> [Your assignment]:
Could you repeat the data word for word while skipping the pictures?

> [Input data]:
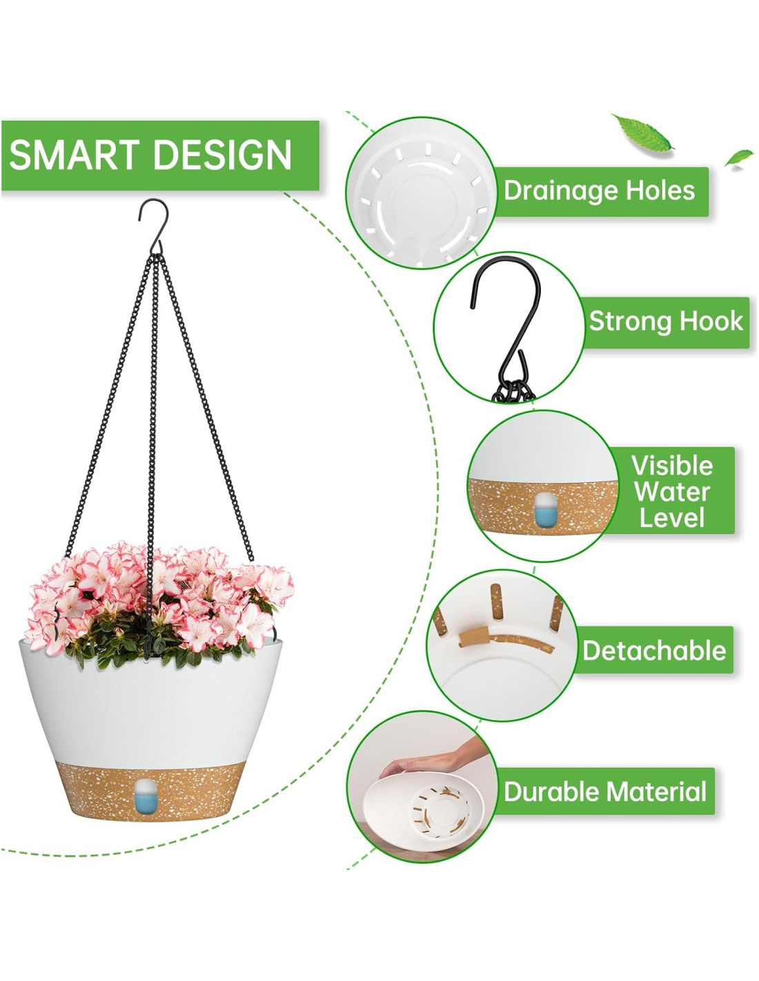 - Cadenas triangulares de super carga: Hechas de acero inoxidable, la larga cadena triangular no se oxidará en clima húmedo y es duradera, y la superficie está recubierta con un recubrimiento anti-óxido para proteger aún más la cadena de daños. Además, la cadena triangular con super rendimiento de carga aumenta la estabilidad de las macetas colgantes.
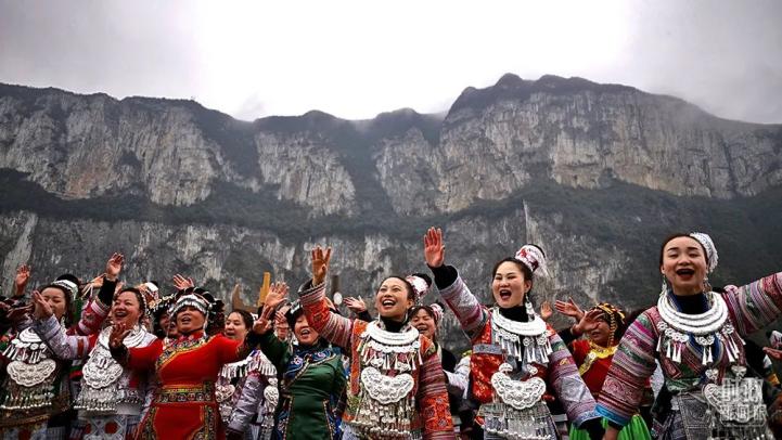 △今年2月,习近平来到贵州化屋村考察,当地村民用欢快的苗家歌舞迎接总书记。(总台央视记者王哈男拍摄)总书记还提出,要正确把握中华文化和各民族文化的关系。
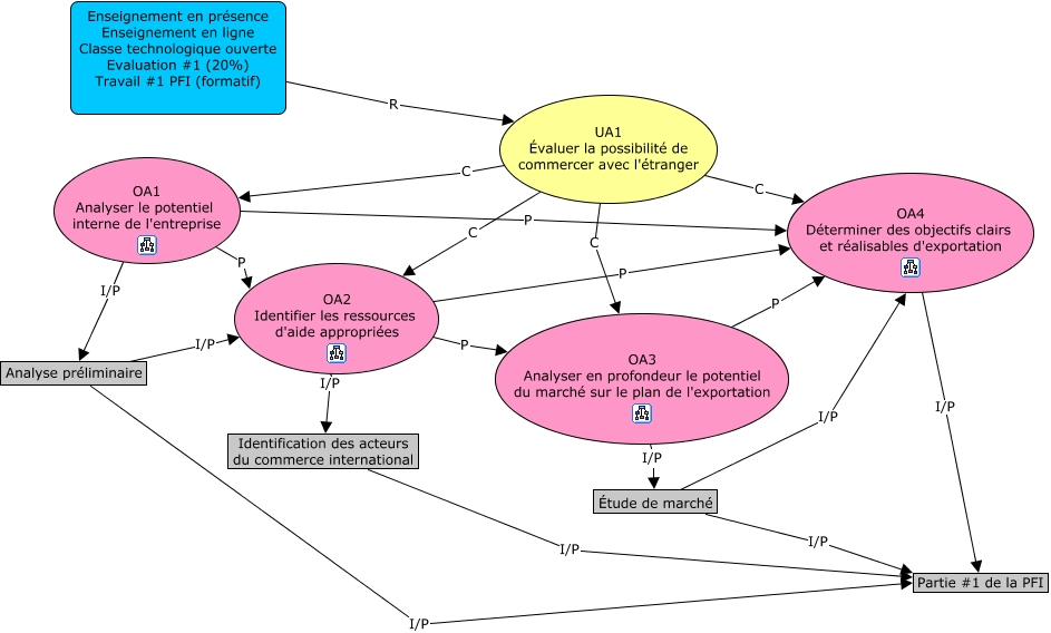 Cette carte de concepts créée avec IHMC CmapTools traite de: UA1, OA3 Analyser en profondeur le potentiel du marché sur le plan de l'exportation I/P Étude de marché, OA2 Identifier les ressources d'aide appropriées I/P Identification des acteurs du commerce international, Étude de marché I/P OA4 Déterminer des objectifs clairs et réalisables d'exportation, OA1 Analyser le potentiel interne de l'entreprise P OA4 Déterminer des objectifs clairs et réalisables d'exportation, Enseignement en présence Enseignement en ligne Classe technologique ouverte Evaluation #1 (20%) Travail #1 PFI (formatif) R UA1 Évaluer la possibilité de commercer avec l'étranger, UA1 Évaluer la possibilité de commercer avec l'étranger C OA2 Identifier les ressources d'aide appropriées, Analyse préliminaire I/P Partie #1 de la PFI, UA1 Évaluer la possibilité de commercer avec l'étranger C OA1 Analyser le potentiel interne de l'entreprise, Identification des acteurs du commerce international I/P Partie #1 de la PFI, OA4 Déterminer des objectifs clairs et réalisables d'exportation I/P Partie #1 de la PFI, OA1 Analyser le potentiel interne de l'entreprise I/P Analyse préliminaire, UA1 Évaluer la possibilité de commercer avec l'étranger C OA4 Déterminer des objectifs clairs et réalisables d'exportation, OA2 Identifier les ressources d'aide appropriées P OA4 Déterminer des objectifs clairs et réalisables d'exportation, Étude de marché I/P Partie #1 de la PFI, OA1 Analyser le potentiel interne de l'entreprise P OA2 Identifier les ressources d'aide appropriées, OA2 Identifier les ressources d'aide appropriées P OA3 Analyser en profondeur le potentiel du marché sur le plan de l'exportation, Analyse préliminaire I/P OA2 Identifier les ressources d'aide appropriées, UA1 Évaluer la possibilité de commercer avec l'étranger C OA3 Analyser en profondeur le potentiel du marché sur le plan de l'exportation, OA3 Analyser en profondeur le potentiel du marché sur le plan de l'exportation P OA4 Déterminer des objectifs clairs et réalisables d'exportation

> [Your response]:
 - Cadenas triangulares de super carga: Hechas de acero inoxidable, la larga cadena triangular no se oxidará en clima húmedo y es duradera, y la superficie está recubierta con un recubrimiento anti-óxido para proteger aún más la cadena de daños. Además, la cadena triangular con super rendimiento de carga aumenta la estabilidad de las macetas colgantes.
 △今年2月,习近平来到贵州化屋村考察,当地村民用欢快的苗家歌舞迎接总书记。(总台央视记者王哈男拍摄)总书记还提出,要正确把握中华文化和各民族文化的关系。
 Cette carte de concepts créée avec IHMC CmapTools traite de: UA1, OA3 Analyser en profondeur le potentiel du marché sur le plan de l'exportation I/P Étude de marché, OA2 Identifier les ressources d'aide appropriées I/P Identification des acteurs du commerce international, Étude de marché I/P OA4 Déterminer des objectifs clairs et réalisables d'exportation, OA1 Analyser le potentiel interne de l'entreprise P OA4 Déterminer des objectifs clairs et réalisables d'exportation, Enseignement en présence Enseignement en ligne Classe technologique ouverte Evaluation #1 (20%) Travail #1 PFI (formatif) R UA1 Évaluer la possibilité de commercer avec l'étranger, UA1 Évaluer la possibilité de commercer avec l'étranger C OA2 Identifier les ressources d'aide appropriées, Analyse préliminaire I/P Partie #1 de la PFI, UA1 Évaluer la possibilité de commercer avec l'étranger C OA1 Analyser le potentiel interne de l'entreprise, Identification des acteurs du commerce international I/P Partie #1 de la PFI, OA4 Déterminer des objectifs clairs et réalisables d'exportation I/P Partie #1 de la PFI, OA1 Analyser le potentiel interne de l'entreprise I/P Analyse préliminaire, UA1 Évaluer la possibilité de commercer avec l'étranger C OA4 Déterminer des objectifs clairs et réalisables d'exportation, OA2 Identifier les ressources d'aide appropriées P OA4 Déterminer des objectifs clairs et réalisables d'exportation, Étude de marché I/P Partie #1 de la PFI, OA1 Analyser le potentiel interne de l'entreprise P OA2 Identifier les ressources d'aide appropriées, OA2 Identifier les ressources d'aide appropriées P OA3 Analyser en profondeur le potentiel du marché sur le plan de l'exportation, Analyse préliminaire I/P OA2 Identifier les ressources d'aide appropriées, UA1 Évaluer la possibilité de commercer avec l'étranger C OA3 Analyser en profondeur le potentiel du marché sur le plan de l'exportation, OA3 Analyser en profondeur le potentiel du marché sur le plan de l'exportation P OA4 Déterminer des objectifs clairs et réalisables d'exportation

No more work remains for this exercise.